The Baltimore region has recently faced a volley of winter weather, exhausting some school systems of their snow days and leaving slippery roads behind.

With totals from Tuesday’s snowstorm included, recent months have given the Baltimore area more snow than the past two winters combined. But this season’s totals are still on par with the past decade’s snowfall averages.

Even so, there is something out of the ordinary about this winter: It’s been extra cold.

Last month was the coldest January in the Baltimore area since 2014, according to the National Weather Service. The average daytime high at BWI Marshall Airport in January was in the 30s for the first time in over a decade. Eight days had highs below freezing, and overnight temperatures dropped as low as 6 degrees.

January was colder than average across the contiguous United States, according to National Oceanic and Atmospheric Administration data. But that’s after two very warm winters — in 2023, Baltimore broke a February heat record.

This year’s cold streak has persisted. The average temperature in the Baltimore area this month through Tuesday was 37, the lowest it’s been this far into February since 2021.

Meteorologists said the hits of cold are because of displacement in the jet stream, the west-to-east band of air that moves weather currents across the globe.
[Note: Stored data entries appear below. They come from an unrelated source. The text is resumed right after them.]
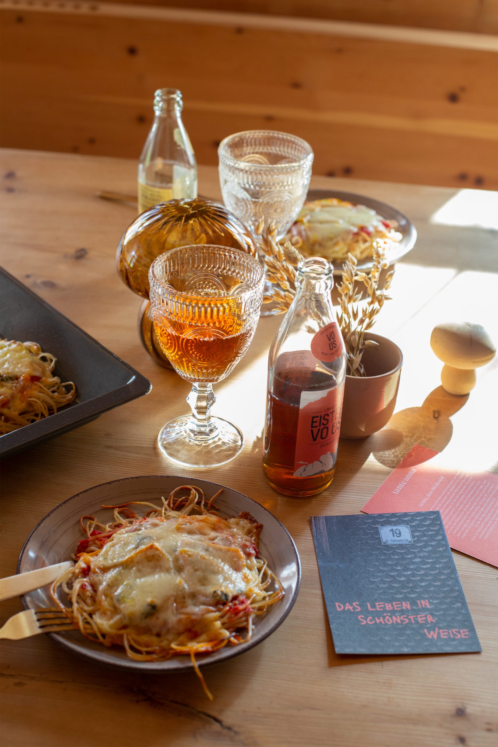 Morgens im Nebel losgefahren kamen wir bei schönstem Sonnenschein an und die Stube war in ein so schönes warmes Licht getaucht. Mit Blick auf die Berge kochten, lachten und genossen wir unsere Spaghettipizza.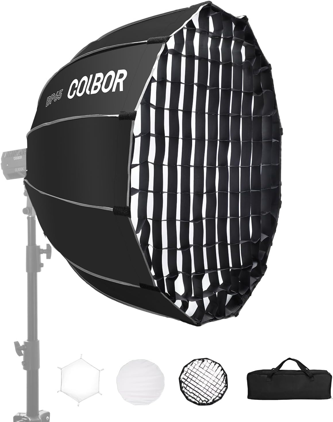 Sgancio rapido · 16 nervature · Doppio diffusore · Griglia a nido d'ape · Compatibile COLBOR CL60/CL100X/CL100 e luci Bowens Mount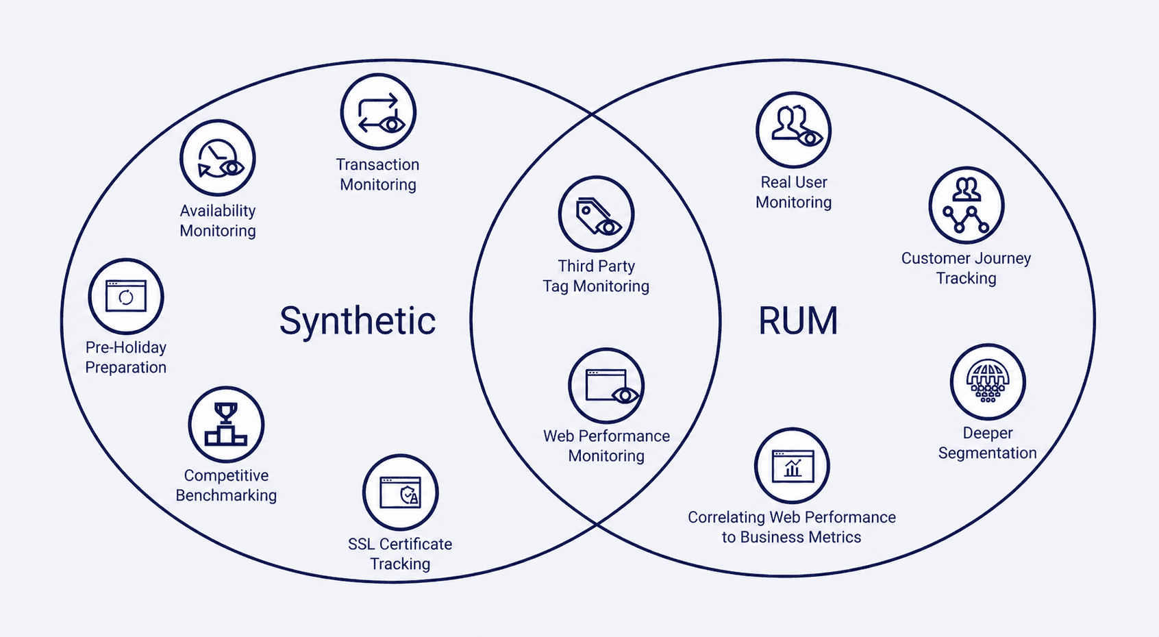 Synthetic monitoring is consistent and great for benchmarking, but it never reflects the variability of users. Real User Monitoring captures the messy reality of the internet, but it can be harder to debug due to noise. In short, they're complementary tools, not competitors.

The jet stream, located high in the earth’s atmosphere, serves as a dividing line between cold northern air and warm tropical weather systems, said John Feerick, a senior meteorologist at AccuWeather. For much of the winter, it’s been displaced farther to the south, causing unusually cold weather in areas that don’t usually see it, he said.

Weather service meteorologist Andrew Snyder said Tuesday’s storm brought 3.8 inches at BWI and pushed this season’s snowfall total above the final amounts of the last two winters.
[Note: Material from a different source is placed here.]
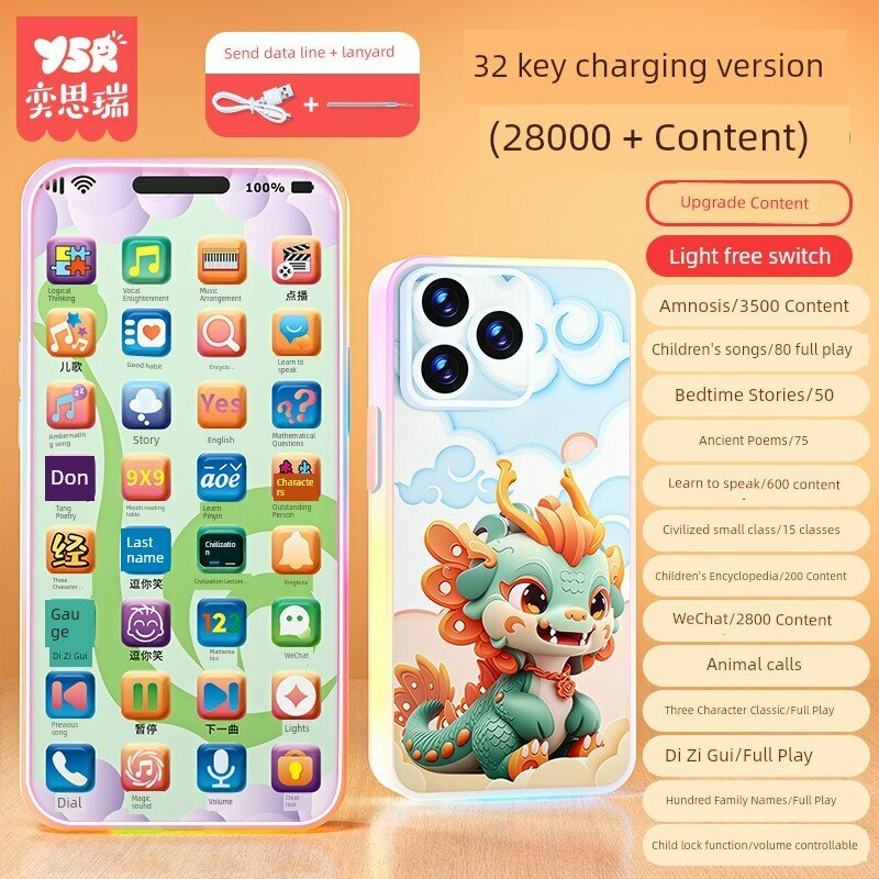 Детский развивающий телефон "Маленький зеленый дракон" с 32 клавишами и 28000 обучающих материалов информация:

The average snowfall over the past 10 winters has been slightly above 13 inches, and around 12.7 inches of snow has fallen in the Baltimore area this winter. The Baltimore area got a total of 11.3 inches of snow during last year’s colder months, and only a fifth of an inch fell amid the “really mild winter” before that, Snyder said.

The weather service has logged at least trace amounts of new snow at BWI on 16 days since late November, when the first flurries of the season came down, though Tuesday night was only the fourth time there was measurable snowfall.
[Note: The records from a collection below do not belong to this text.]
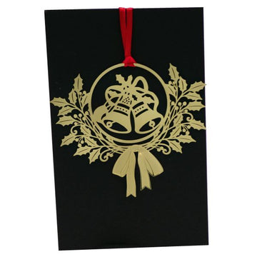 Schöner Baumschmuckanhänger aus glänzendem goldfarbenem Metall an einem edlen Satinband.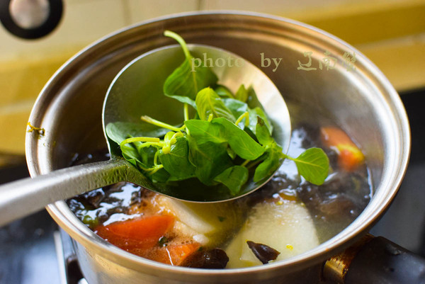 用芝麻油、盐、胡椒粉调味,关火放上荆芥叶,一道鲜美的汤就煮好了。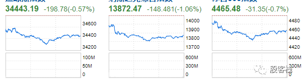 三大股市都是低开后慢慢收付,不过美股跌的稍微惨一点。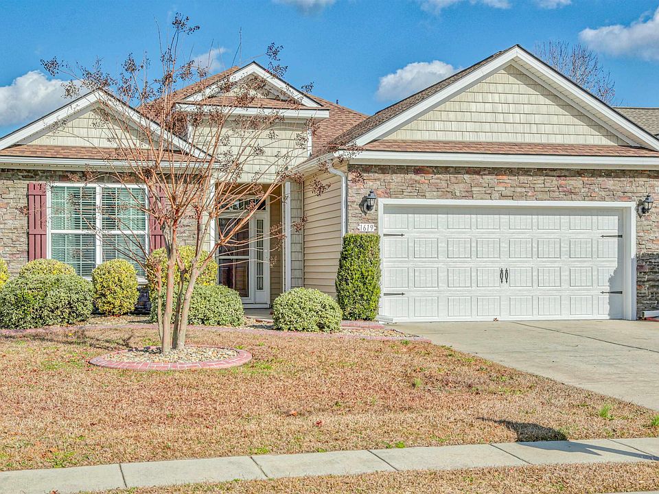 Rarely used 2nd home for seller on a quiet Cul de Sac street. This 3 br/2ba home has water views from almost every room. Enter into a large foyer with wood flooring throughout great room and kitchen. Features a split floor plan and a nook for home office. Relax and enjoy your water views on the all glass screened porch with roll out jalousie windows, making it a full time room throughout the changing seasons. Great backyard with extended patio and grilling area. Spacious kitchen with numerous cherry wood cabinets, double oven, cooktop range, under the counter lighting and solid surface counter top. Garage is set up for organization featuring shelving units, work sink, work shop and built in shop vac. New roof in 2023...Located close to college, outlets, Hwy 90 and downtown Conway. Furniture negotiable....HOA has a free storage area for RV, boat , etc

More snow is on the way Saturday, but Snyder said it’s difficult to say whether any will accumulate in the Baltimore region — it’s likely going to turn to rain as temperatures reach a high of 41.

There are some brief warmups expected in the coming days, with temperatures forecast to reach a high near 52 on Thursday and near 59 on Sunday. But there will also be plenty of cold, Feerick said.

“It’s kind of looking like there’s gonna keep being these cold shots,” he said. He noted that because of the below-freezing temperatures in the forecast and the active weather pattern, there will still be more opportunities for snow through the end of February.